### [Directions for this task]
Exact wording is required: give all the records again, minus the pictures.

### [Stored entries]
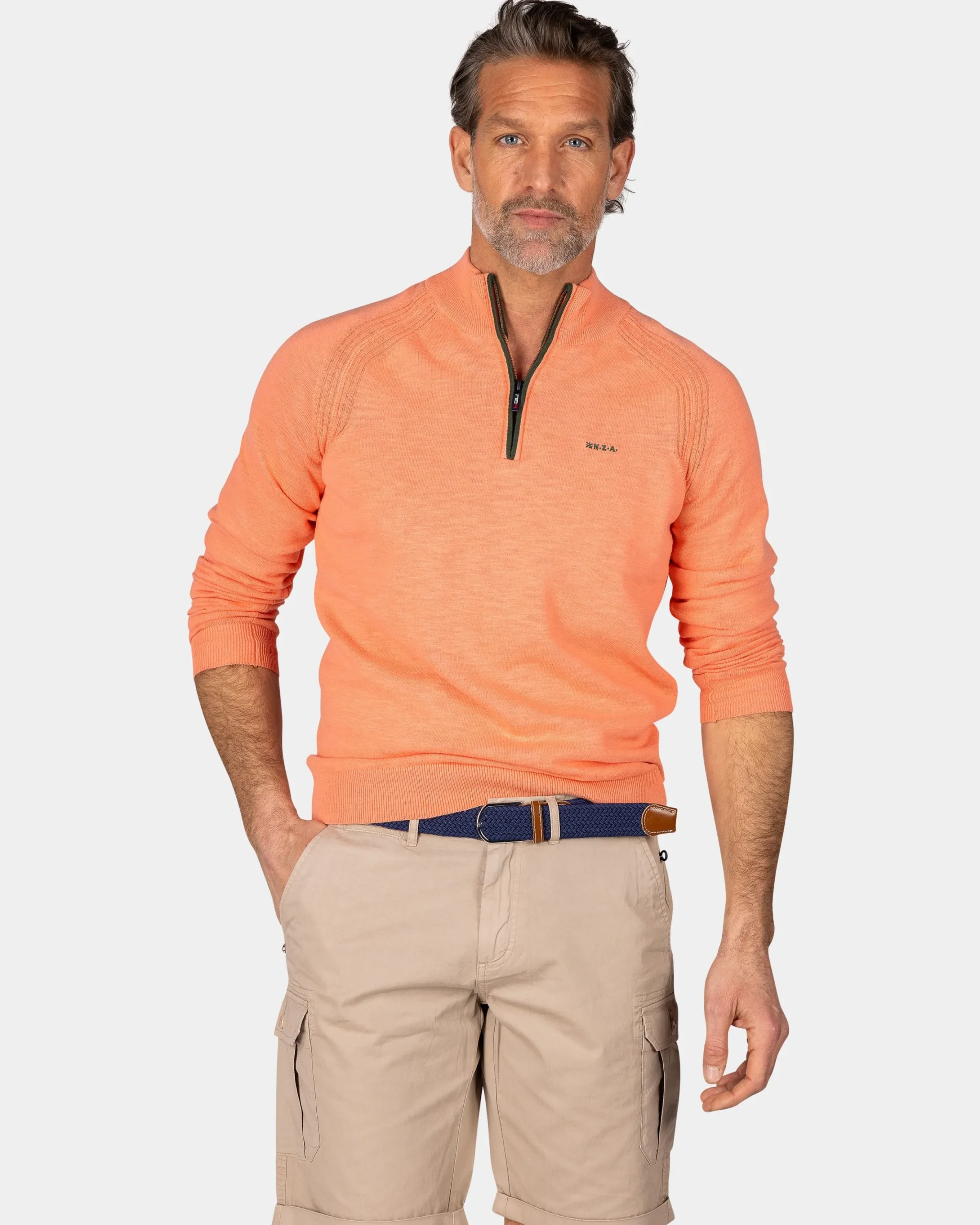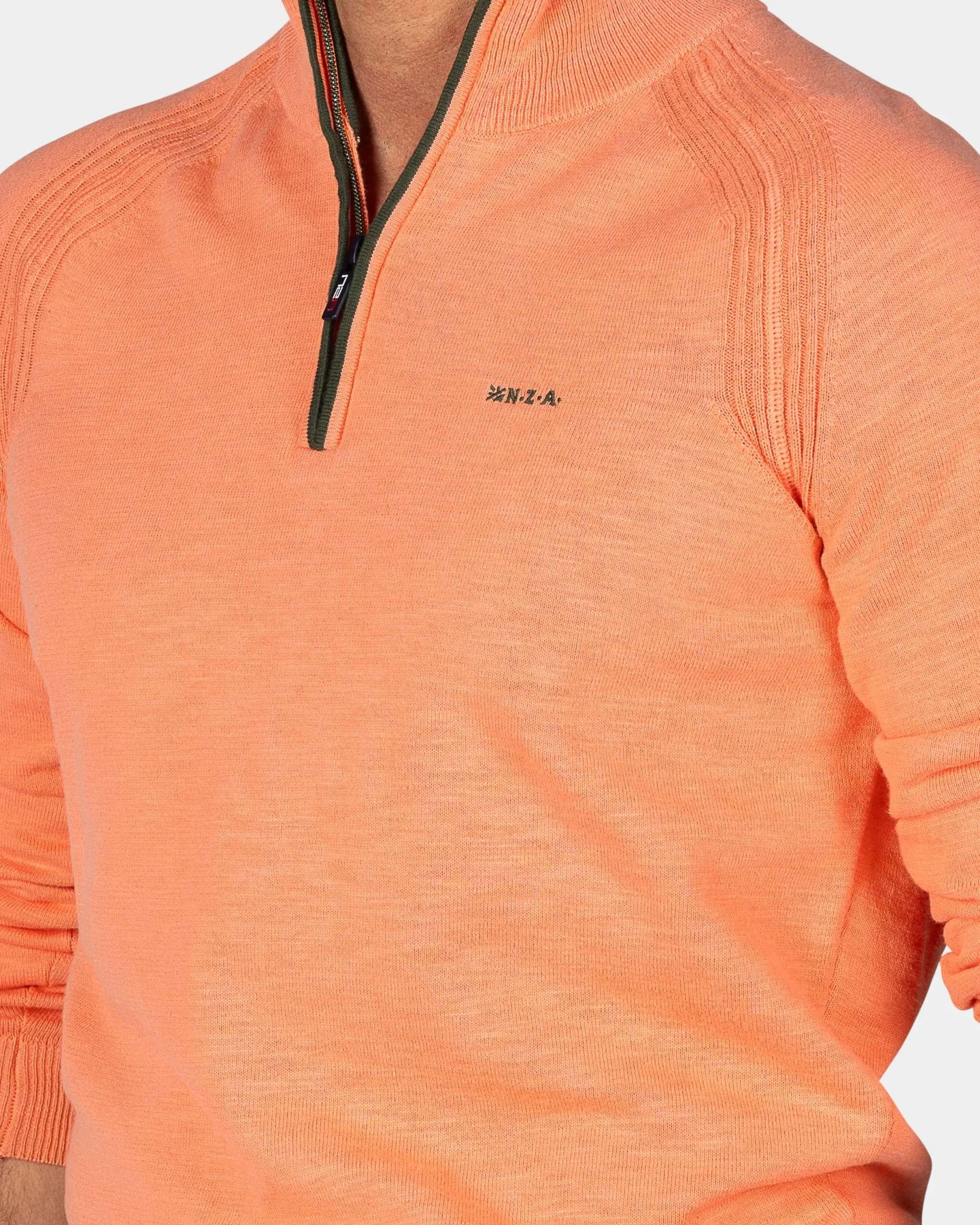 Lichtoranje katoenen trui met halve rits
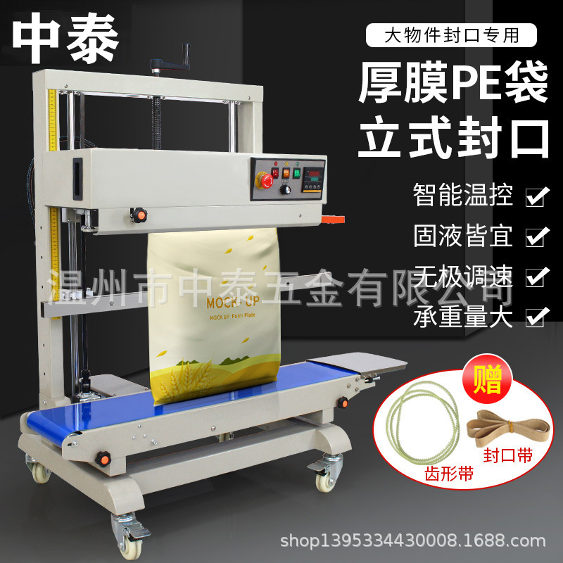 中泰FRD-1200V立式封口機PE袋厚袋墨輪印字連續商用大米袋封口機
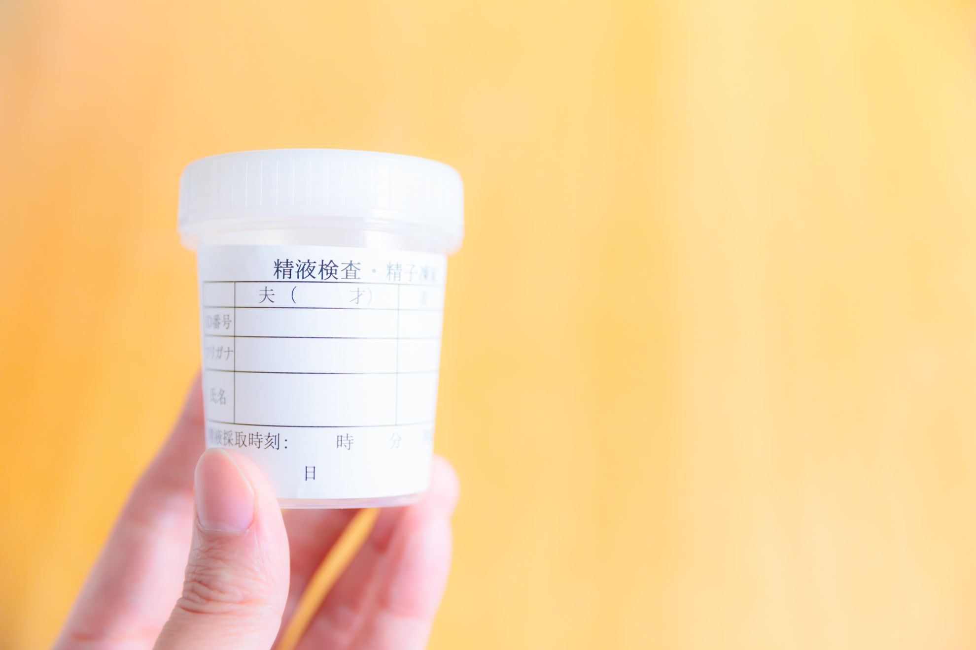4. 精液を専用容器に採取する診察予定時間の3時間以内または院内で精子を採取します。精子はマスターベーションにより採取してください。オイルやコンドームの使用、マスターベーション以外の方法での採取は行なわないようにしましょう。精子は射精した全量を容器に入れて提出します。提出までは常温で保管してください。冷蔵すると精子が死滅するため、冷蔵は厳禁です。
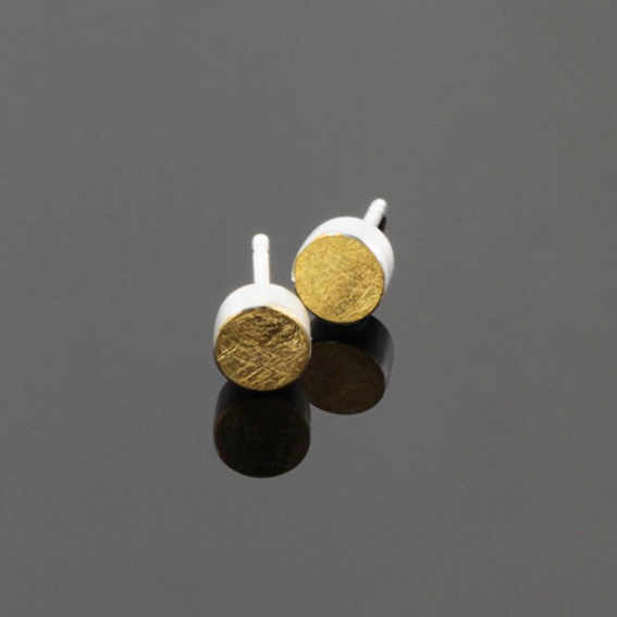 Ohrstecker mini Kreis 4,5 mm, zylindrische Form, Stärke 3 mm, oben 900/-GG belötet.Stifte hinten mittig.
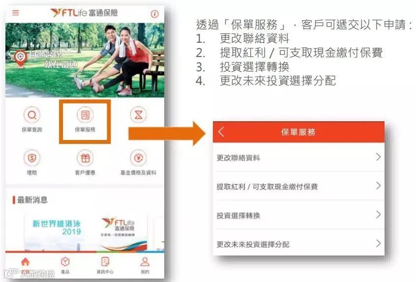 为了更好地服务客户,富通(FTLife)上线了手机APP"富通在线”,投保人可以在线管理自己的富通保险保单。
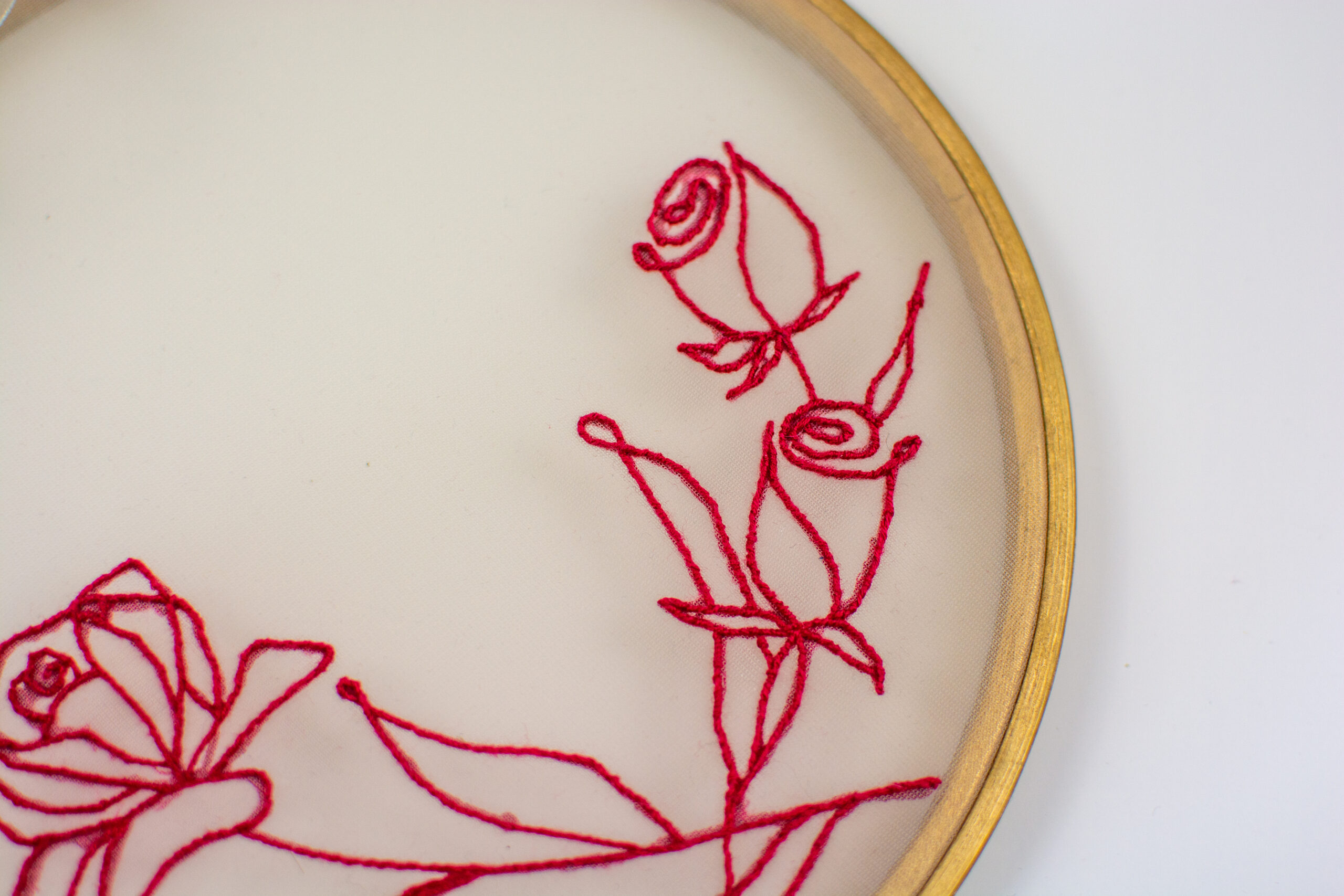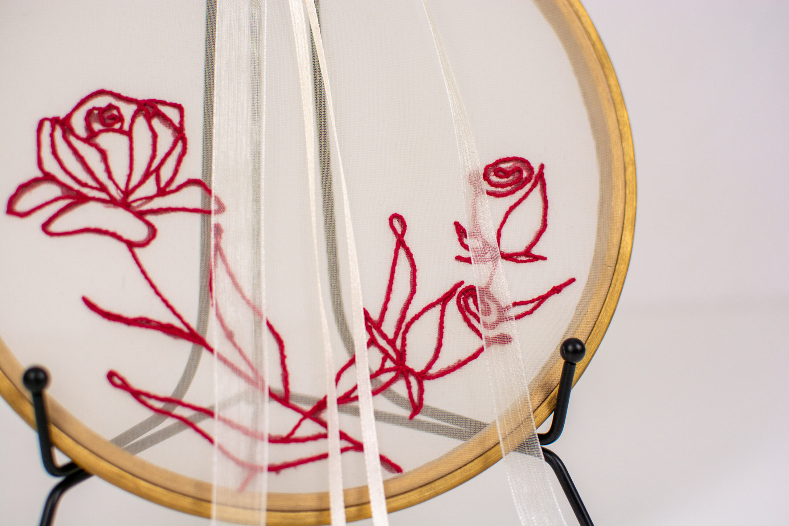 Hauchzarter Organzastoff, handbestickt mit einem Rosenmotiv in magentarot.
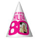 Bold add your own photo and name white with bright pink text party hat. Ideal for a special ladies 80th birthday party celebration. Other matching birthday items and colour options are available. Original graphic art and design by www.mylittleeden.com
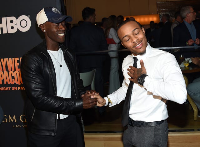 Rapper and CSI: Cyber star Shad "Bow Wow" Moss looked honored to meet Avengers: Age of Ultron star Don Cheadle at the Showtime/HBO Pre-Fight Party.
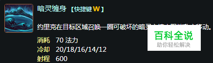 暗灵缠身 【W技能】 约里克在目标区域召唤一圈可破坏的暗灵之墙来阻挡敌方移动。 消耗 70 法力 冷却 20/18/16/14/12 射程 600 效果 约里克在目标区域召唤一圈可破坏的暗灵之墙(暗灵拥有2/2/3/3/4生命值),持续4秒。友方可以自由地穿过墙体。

### [Exercise response]
 Lichtoranje katoenen trui met halve rits
 中泰FRD-1200V立式封口機PE袋厚袋墨輪印字連續商用大米袋封口機
4. 精液を専用容器に採取する診察予定時間の3時間以内または院内で精子を採取します。精子はマスターベーションにより採取してください。オイルやコンドームの使用、マスターベーション以外の方法での採取は行なわないようにしましょう。精子は射精した全量を容器に入れて提出します。提出までは常温で保管してください。冷蔵すると精子が死滅するため、冷蔵は厳禁です。
 Ohrstecker mini Kreis 4,5 mm, zylindrische Form, Stärke 3 mm, oben 900/-GG belötet.Stifte hinten mittig.
 为了更好地服务客户,富通(FTLife)上线了手机APP"富通在线”,投保人可以在线管理自己的富通保险保单。
 Hauchzarter Organzastoff, handbestickt mit einem Rosenmotiv in magentarot.
 Bold add your own photo and name white with bright pink text party hat. Ideal for a special ladies 80th birthday party celebration. Other matching birthday items and colour options are available. Original graphic art and design by www.mylittleeden.com
 Rapper and CSI: Cyber star Shad "Bow Wow" Moss looked honored to meet Avengers: Age of Ultron star Don Cheadle at the Showtime/HBO Pre-Fight Party.
 暗灵缠身 【W技能】 约里克在目标区域召唤一圈可破坏的暗灵之墙来阻挡敌方移动。 消耗 70 法力 冷却 20/18/16/14/12 射程 600 效果 约里克在目标区域召唤一圈可破坏的暗灵之墙(暗灵拥有2/2/3/3/4生命值),持续4秒。友方可以自由地穿过墙体。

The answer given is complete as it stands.